The Scientific Working Group on DNA Analysis Methods (SWGDAM) advise forensic report to contain a prediction of the number of contributors to the mixture that is under examination [3]. Usually, the number of contributors of a sample that taken from a crime scene is unknown. Therefore, an analyst should estimate it according to the electropherogram obtained. This assumption affects the final weight of DNA evidence [3].

In this paper, we review DNA profiling methods and tools with a particular focus on their computational performance and accuracy. To the best of our knowledge, this is the first review paper on DNA profiling tools.

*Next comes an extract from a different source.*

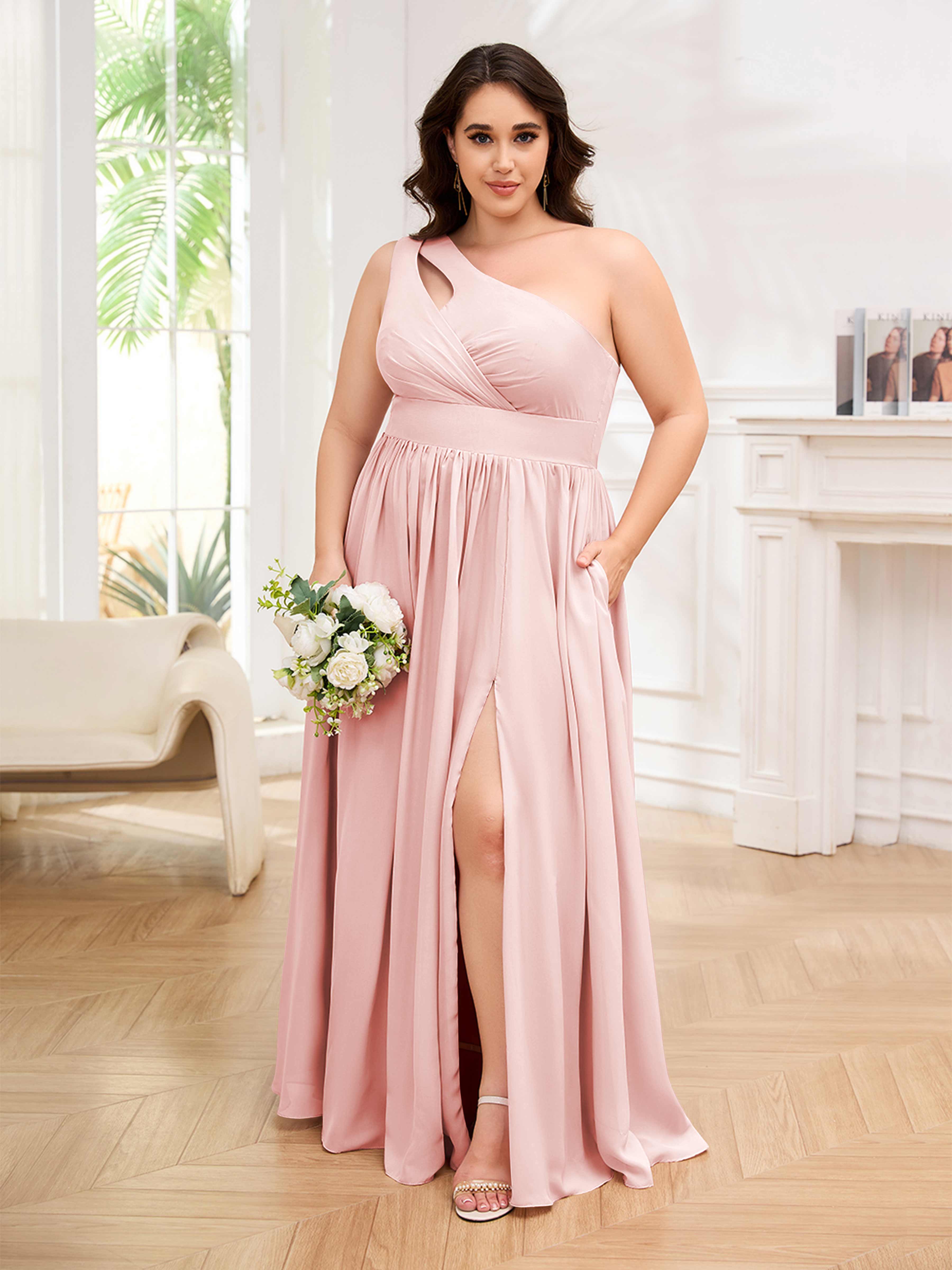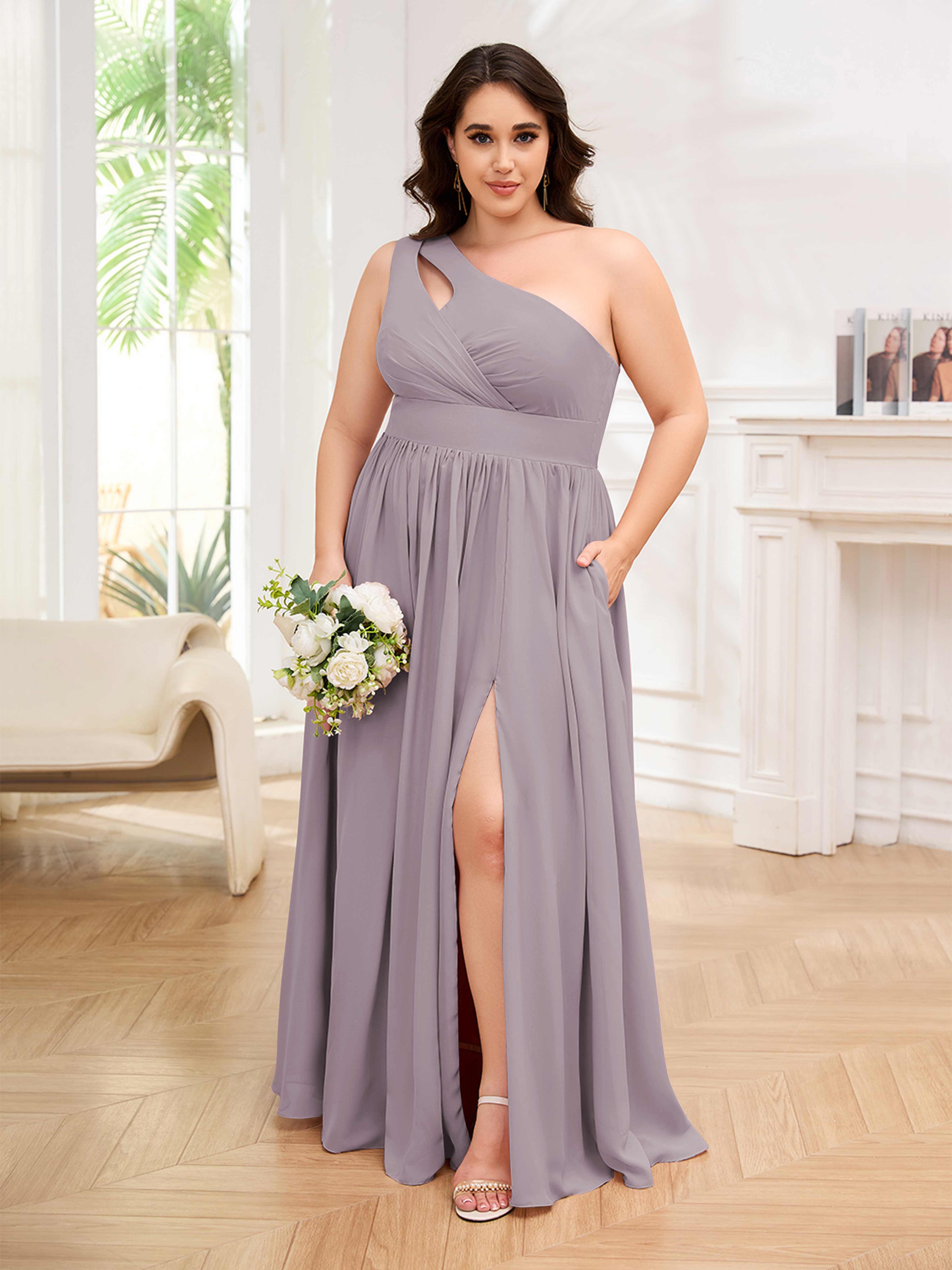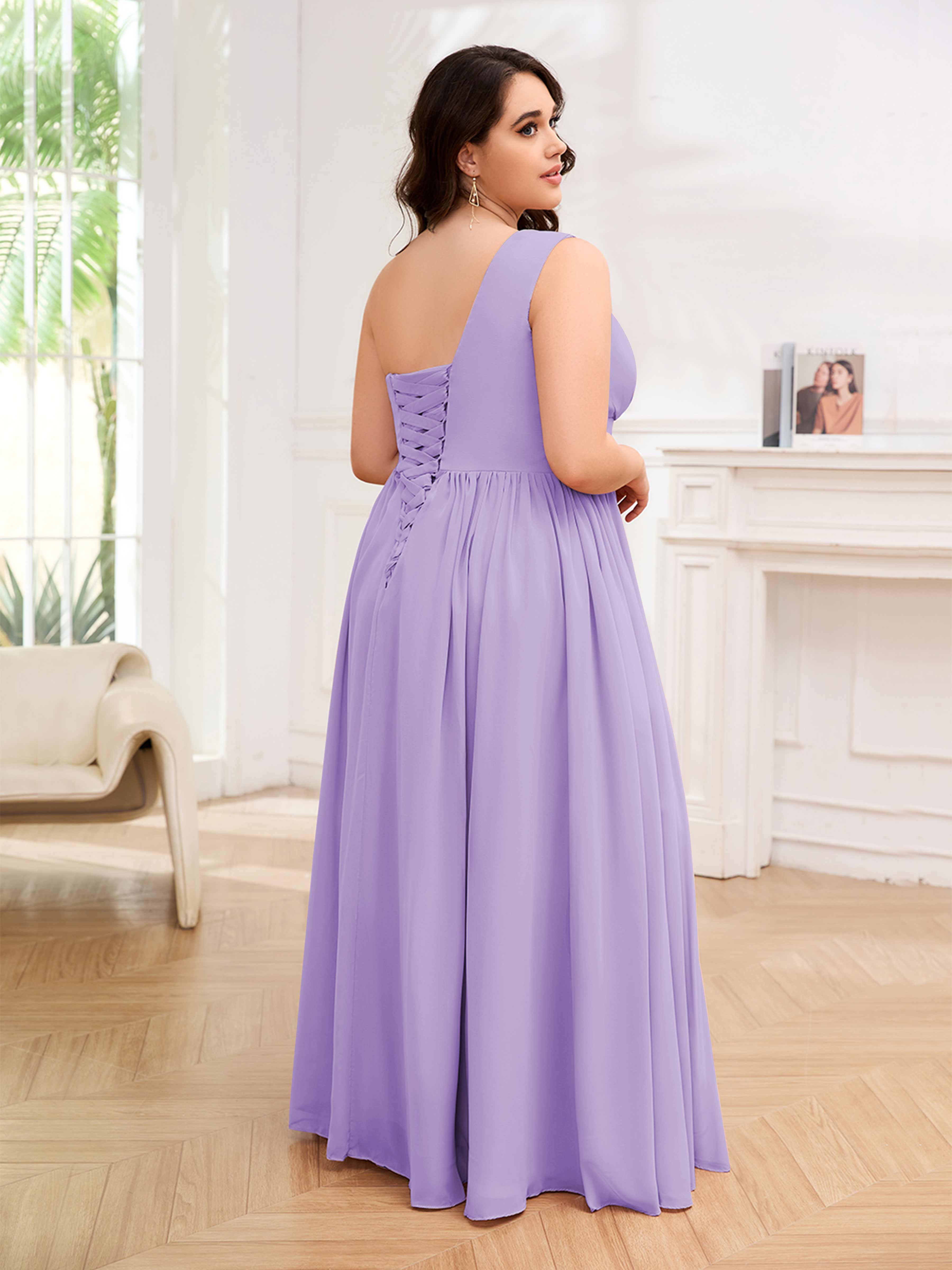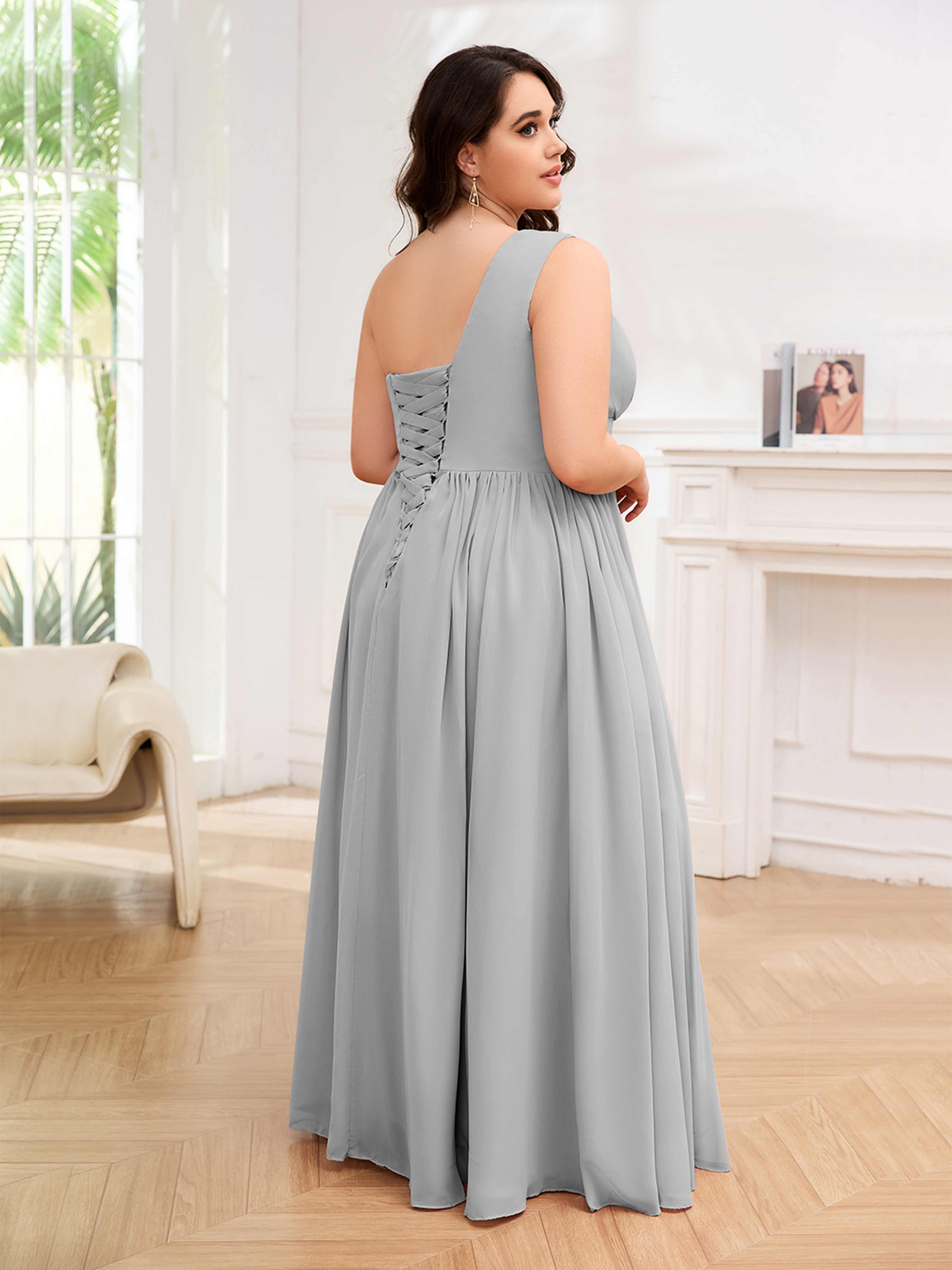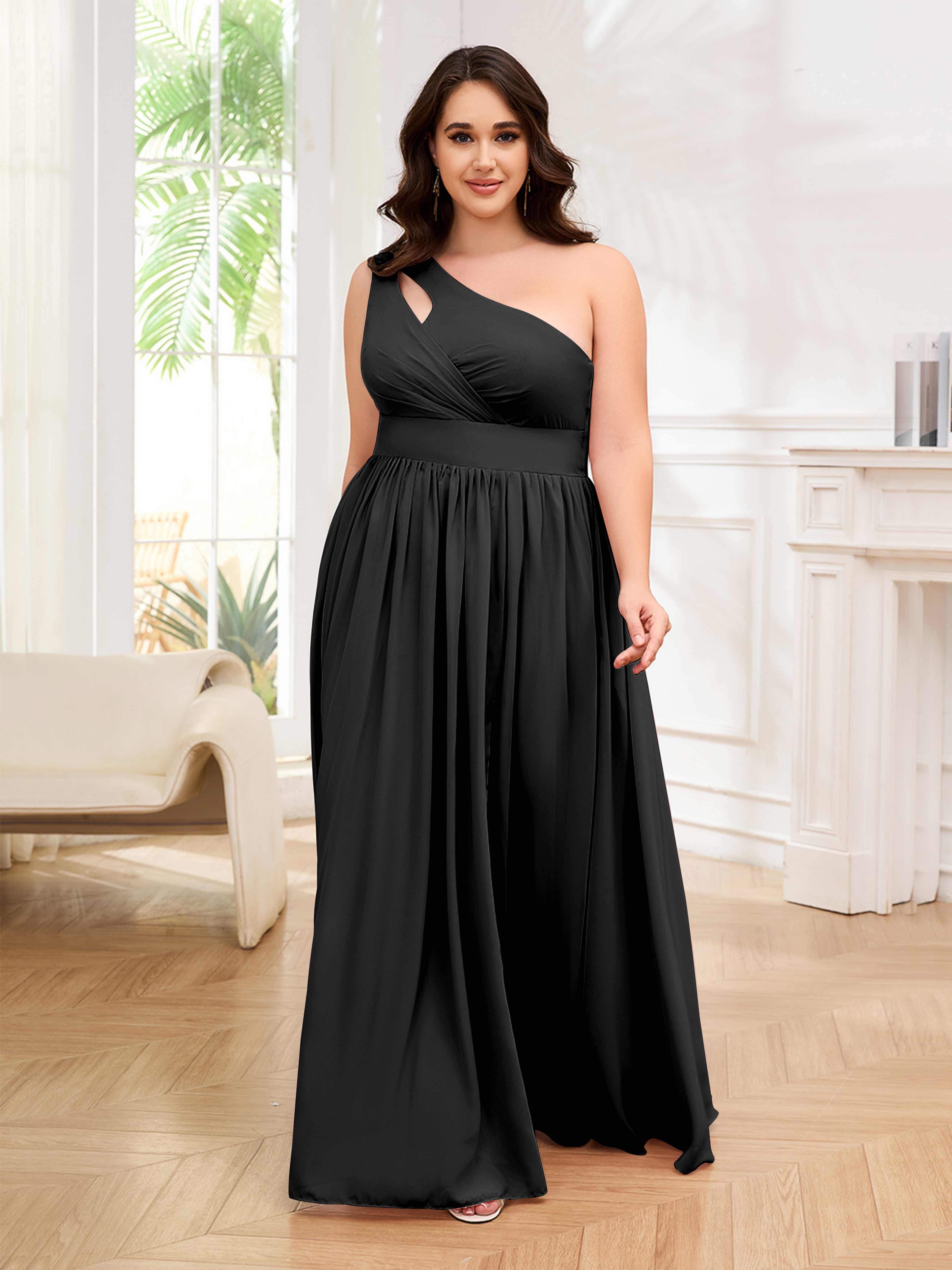 Amber Stylish One Shoulder Pleated Long Plus Size Bridesmaid Dresses

Faster interpretations of DNA mixtures with a large number of unknowns and higher accuracies are expected to open up new frontiers for DNA profiling. In the coming years, the complete genome sequencing technologies in a single or only a few cells will be easily available. These technologies may change the situation of DNA profiling completely. In this case, it is obvious to prepare appropriate statistical methods for that. It will be, therefore, important to prepare the mathematical and statistical algorithms for complete-genome-sequencing-based DNA profile. Emerging computational and big data developments [4], along with Internet of Things (IoT) [5] and smart society environments [6], will provide opportunities for new services related to DNA profiling.

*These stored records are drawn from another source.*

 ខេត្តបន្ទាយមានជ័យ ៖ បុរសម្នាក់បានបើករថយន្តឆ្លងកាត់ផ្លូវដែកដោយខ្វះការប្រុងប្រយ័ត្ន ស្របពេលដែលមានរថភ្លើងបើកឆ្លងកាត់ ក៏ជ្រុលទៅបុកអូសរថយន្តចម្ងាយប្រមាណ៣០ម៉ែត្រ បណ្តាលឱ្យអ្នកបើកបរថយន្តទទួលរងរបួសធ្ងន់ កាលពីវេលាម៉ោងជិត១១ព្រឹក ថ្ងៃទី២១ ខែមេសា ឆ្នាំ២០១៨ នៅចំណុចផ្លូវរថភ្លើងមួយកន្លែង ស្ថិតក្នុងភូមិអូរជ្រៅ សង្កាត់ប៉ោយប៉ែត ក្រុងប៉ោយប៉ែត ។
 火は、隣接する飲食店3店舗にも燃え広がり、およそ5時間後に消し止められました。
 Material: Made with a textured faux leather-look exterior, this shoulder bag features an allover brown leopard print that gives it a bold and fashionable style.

The rest of the paper is organized as follows. Section 2 describes background concepts related to this paper. Section 3 provides information regarding DNA profiling methods and technologies that are being used to obtain a DNA sample. Section 4 describes a number of approaches that rely upon the calculation of Likelihood ratio to interpret DNA profile. We further discuss the importance of the Number of Contributors (NoC) in profiling a DNA mixture in Sect. 5. Some implementations that estimate the NoC was mentioned in the same section. Section 6 then illustrate notable DNA profiling applications. We conclude and give an outlook for the future of DNA profiling in Sect. 7.

2 Background Material

We now give a brief background of the various concepts and methods related to DNA profiling.

2.1 Forensic Science

Forensic DNA tests had a major influence on the evolution of the criminal justice system. Yet, the advancement of new technologies is enabling forensic labs to expand its capabilities and improved the sensitivity of the DNA interpretation.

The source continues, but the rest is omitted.